Tuesday, February 25, 2025

Winner Winner, I'll Take the Dinner

 


What are your thoughts on book contests? Do you believe winning one can further your career? Which ones, if any, do you enter?

It all depends on your motivation. A writer can look at a contest as a way to test their talent. An athlete trains, and a writer writes. A runner completes the race, a distance covered in a certain amount of time. A writer finishes a work in a genre and with a certain word count. The results, however, are different. Where a runner covers a predetermined distance, at a pace that is mathematical, a writer’s work is subjective, as in subject to the whims and taste of a judge or jurors. It is understandable why one takes the measure of their talent because nobody wants to do anything in isolation. The perspective that I think is best to take, and the sanest to adopt is detachment. To quote Lydgate, “You can please some of the people all of the time, you can please all of the people some of the time, but you can't please all of the people all of the time.”
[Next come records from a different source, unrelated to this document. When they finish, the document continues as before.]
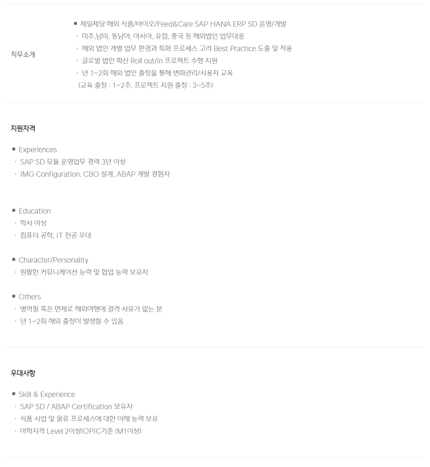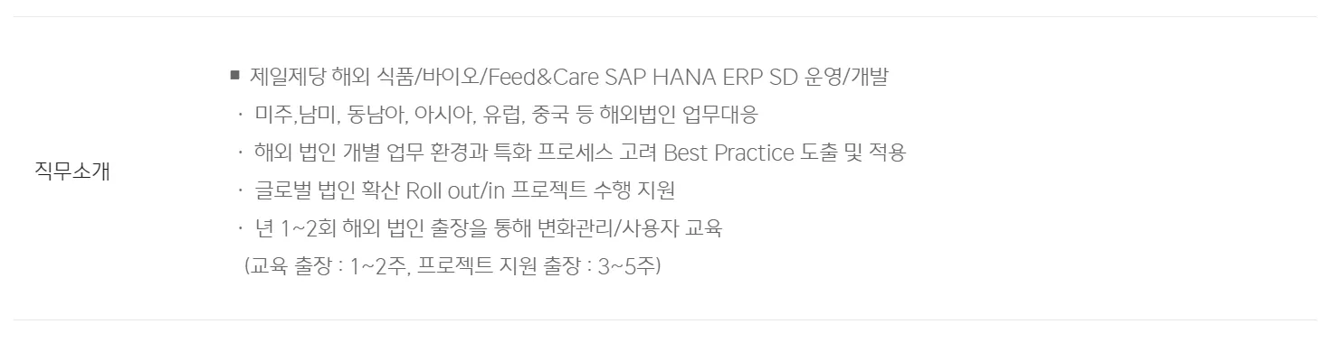 저희팀에서는 CJ제일제당 바이오 사업부문, 식품 사업부문, Feed&Care라는 제일제당 자회사의 ERP 업무를 담당하고 있구요! 해당 포지션은 CJ제일제당 바이오 사업부문의 SAP SD 업무를 맡아 운영과 개발하게 될 예정이에요. 현재 제일제당 해외 ERP 중 SD 모듈은 4명으로 구성 되어 있습니다.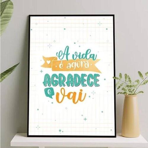 Quadro a vida é agora agradece e vai 45x34cm Moldura: madeira preta Informações do produto tire todas as suas dúvidas no descritivo abaixo: decoração para quarto, sala, cozinha, escritório, área gourmet e muito mais. Chega de paredes vazias. Medidas - cada peça tem 45x34cm a3 . Material do papel - papel fotográfico brilhante de altíssima resolução acabamento - todos os quadros são acompanhados de uma película de acetato para proteção da imagem. - os quadros são embalados de forma segura com plástico bolha com camada dupla de acordo com o tamanho dos quadros. Garantia - garantia de 3 meses. Meu quadro chegou. Como posso fixá-lo Você precisa apenas de um martelo e um prego, pois os quadros já vão acompanhados de penduradores. Esta é a forma mais indicada. Caso prefira, você pode utilizar uma fita dupla face neste caso, sugerimos de alta qualidade para evitar que descole e seu quadro caia . Como posso limpar meu quadro A limpeza é feita como um móvel comum da sua casa. Apenas um pano seco ou espanador são suficientes para tal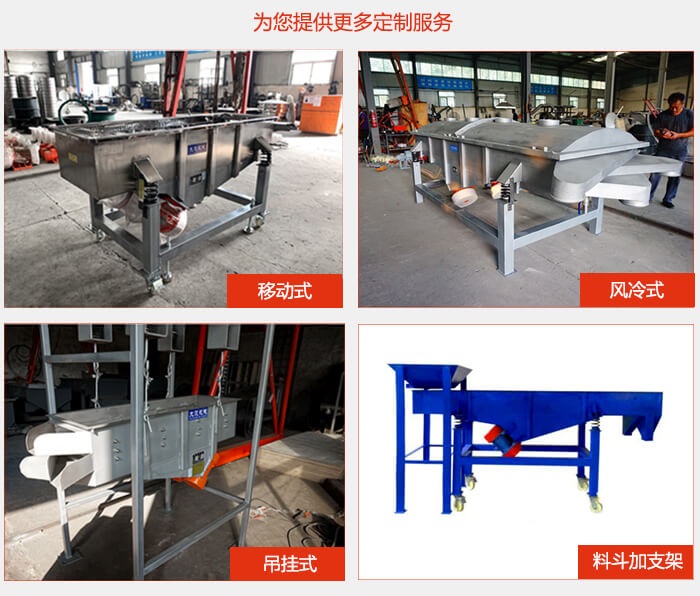 直線篩選機(jī)可根據(jù)要求采用不同的設(shè)計,如篩機(jī)的總高度、進(jìn)料口角度/尺寸、出料口角度/尺寸/加閥、設(shè)備表面處理可選擇拋光或噴砂、普通電機(jī)/防爆電機(jī)等。不同設(shè)計,價格不同。

Contests are the collision of commerce with the pitfalls of psychology. Some contests are a consumerist ploy, in that writers may or may not pay a fee, though it’s certain they enter the arena for comparison. The judge could be the Lord High Executioner or a star chamber of agents who hold the pen and paper of a publishing contract.  Thumbs up, thumbs down, or the cold silence of intergalactic space.

I’ve served as a judge and as a juror. I’ll be honest. I didn’t enjoy it, though I am grateful for the experience. I can sympathize with agents because I have seen disasters of manuscripts. The rules can specify margins and fonts, but there is always that special Ken or Karen who thinks the rules need not apply to their Precious. Every. Single. Time.

Regardless of the brain droppings on the pages within, if you can’t follow simple directions, I doubt you are professional in other aspects of your career. It’s a bet that I’ll take without thinking I am James Bond against Le Chiffre in Casino Royale. And then there’s the fundamentals of knowing the rules and expectations of the genre…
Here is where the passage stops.